Phoenician religious practices have received a lot of attention, especially the child sacrifices that occurred in their cities to ensure the health and wellbeing of their community. The major gods were Baal (also known with other epithets or other names); Tanith, Baal's consort; Eshmoun; and Melqart, who was later assimilated into Hercules. At Carthage the most important deity of all was Tanith, Baal's consort. Her symbols include doves, palm tree, grapes, crescent moon ... . Like Isis, she is the goddess with many names, a queen of the Manes (shades of the dead).

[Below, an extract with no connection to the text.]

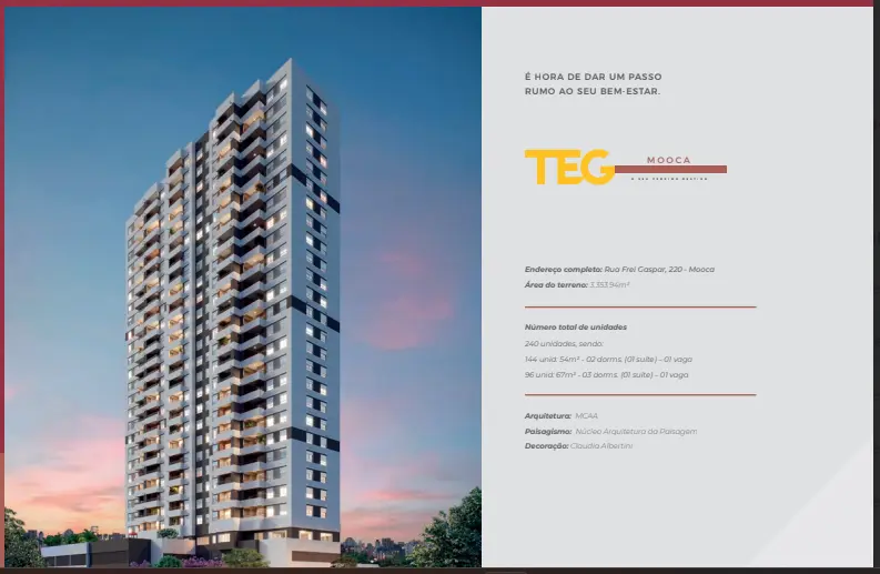 Lindo Apartamento novo, nunca habitado na Mooca 350 mtrs do metrô Ref: 4400 - Mooca - 54.m2 útil - 2 dormitórios sendo uma suíte, sala 2 ambientes, 1 banheiro social, cozinha e área de serviço, preparado para ar condicionado, sacada. **As informações e a disponibilidade dos imóveis acima são de responsabilidade dos proprietários dos mesmos e poderão ser alteradas a qualquer momento devendo sempre serem confirmadas com a equipe de atendimento webgestor766.** - Atualizado 04/11/2025

The Tophet was the place where children up to four years old were sacrificed and buried. It lay to the south of Carthage and to the west of the harbour. Diodorus wrote about the religious practices of the Carthaginians: "They were filled with superstitious dread, for they believed they had neglected the honors of the gods that had been established by their fathers. In their zeal to make amends for their omission, they selected 200 of the noblest children and sacrificed them publicly; and others who were under suspicion sacrificed themselves voluntarily, in a number not less than 300. (Diodorus 20.14.1-7 and following).